会場を告げるアナウンスの後、あめりたちもチケットに印刷されたQRコードをかざし、入場特典を受け取る。上映前のCMが流れている最中にも、七瀬は銀色のブラインドパッケージを握りしめて必死に「推しよ出ろ」と祈りを捧げている。あめりがスマートフォンの電源を切り、そっとバッグにしまうと同時に、映画が始まった。
物語やキャラクター設定はゲームの世界観に沿って忠実に再現しているが、今回は映画ならではのオリジナルシナリオを展開をするようだ。今まではスマートフォンの小さい画面の中、立ち絵とシナリオのテキストから想像するしかなかった世界が、有名なアニメ制作スタジオが手掛ける美麗な作画で鮮やかに彩られていく。誰もが画面に釘付けになっている。物語のスポットライトを浴びるのは、いつも無愛想で、どこか影のあるY。そんな彼がはじめのうちは周囲に弱みを見せまいと一人で孤独に奮闘しながらも、学園生活を通してZやXといった信頼できる仲間たちと出会い、互いに支え合って成長していく。いつしかあめりは、そんな彼の姿に自分を重ねていた。

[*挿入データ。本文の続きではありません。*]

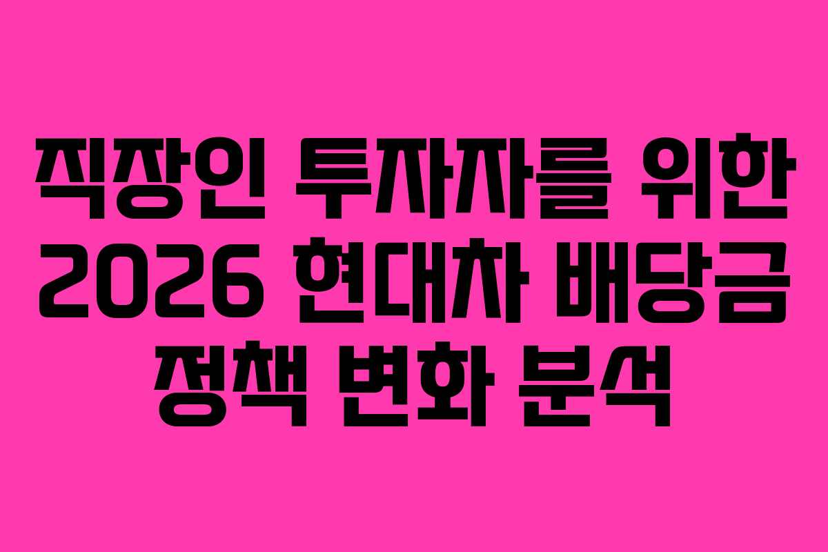 2026년은 현대자동차에게 중요한 전환점이 될 것입니다. 단순한 자동차 제조사를 넘어 ‘배당 귀족주’로의 변모가 예상되며, 이러한 변화는 직장인 투자자들에게도 큰 기회가 될 수 있습니다. 현대차는 중장기 자본 배분 전략을 통해 주주 환원 정책을 강화하며, 이에 따른 배당금 지급 일정과 전략을 충분히 이해하는 것이 필수적입니다. 제 경험을 통해, 이 글에서는 현대차의 배당금 지급 일정, 예상 배당금 규모, 그리고 투자자들이 반드시 체크해야 할 전략을 심층적으로 분석해 보겠습니다.
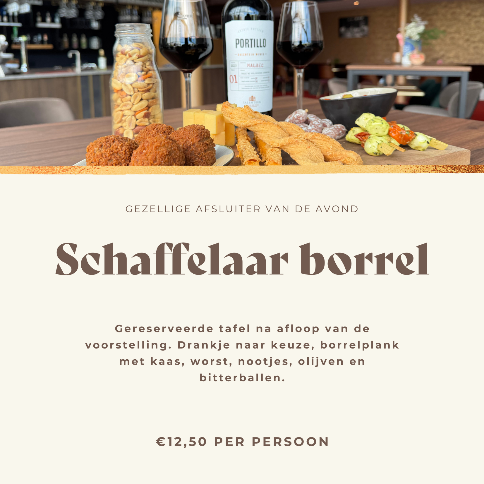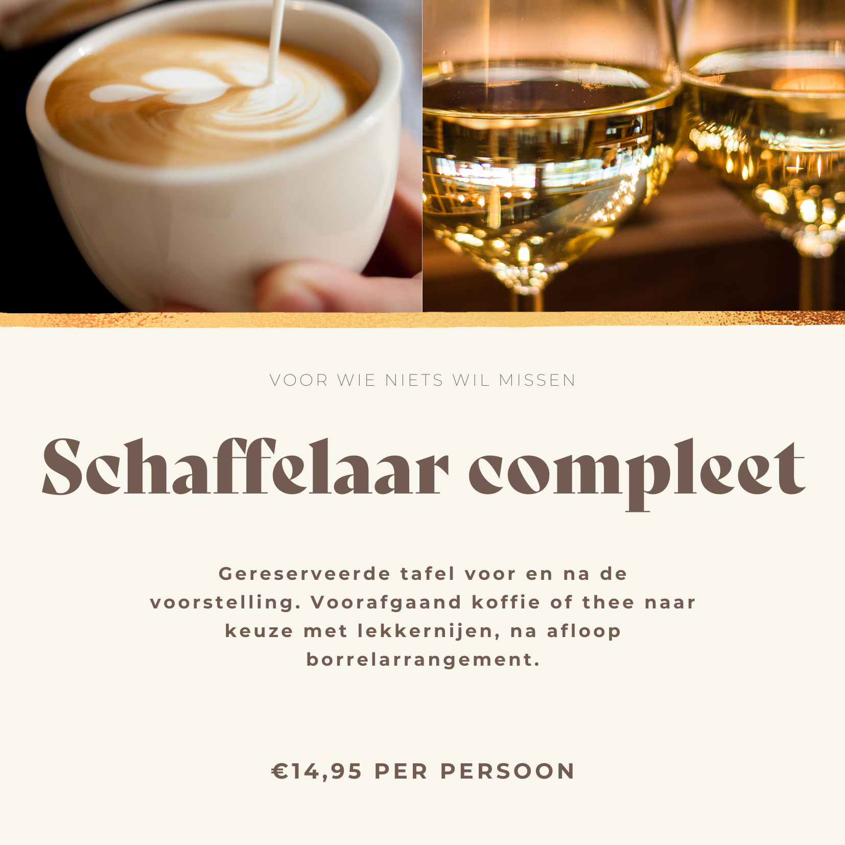 Maak je theateravond compleet met onze Schaffelaar Genietarrangementen. Van een warme start met koffie of thee en lekkernijen voor de echte zoetekauw tot een gezellige borrel na afloop: wij zorgen voor een gereserveerde tafel en nét dat vleugje extra. Boek nu alvast een arrangement voor een ontspannen avond uit.
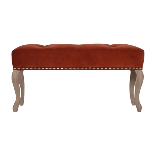 This elegant bench has been upholstered in a rust cotton velvet fabric. It features carved French style legs constructed from 100% solid mango wood providing strength and durability along with a deep button and studded design. This simple yet classy piece can be incorporated in different home settings and interiors.
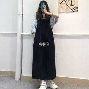 牛仔背带长裙女春秋新款宽松显瘦小个子夏款设计感小众吊带连衣裙

そしてクライマックスを迎えた瞬間、とうとう彼女の涙腺は限界に達した。
——この歌詞私のことだ……。
視界が滲んでぼやける。それでも彼女は必死だった。推しの雄姿をしっかりと目に焼き付けようと。エンドロールが終わって劇場内が明るくなる頃には、あめりの顔はぐしゃぐしゃになっていた。
***
「いや~、映画ほんっとうに最高でした! あと十回は見たい! 応援上映も行きたい!」
「私も、最後の方はもう涙ボロボロで……何も見えないくらいで……特にあのシーンで出てきた台詞が……」
「え……そんなの気づきませんでした! 九条さんは?」
「いや、私も全然だよ」
「もしかして……そこに気づいたの、あめりさんだけじゃないですか? すごい!」
七瀬の驚きと称賛の混じった表情に、あめりははっとした。
——今この瞬間、自分にしか書けない何かがある。
頭の中に散らばっていたピースが、ひとつずつ嵌まっていく。伝えたい言葉が溢れ出す。いてもたってもいられなくなった彼女は、七瀬たちに頭を下げると、駅に向かって走り始めた。こみ上げる想いを、今すぐにでも形にしたいという衝動に突き動かされて。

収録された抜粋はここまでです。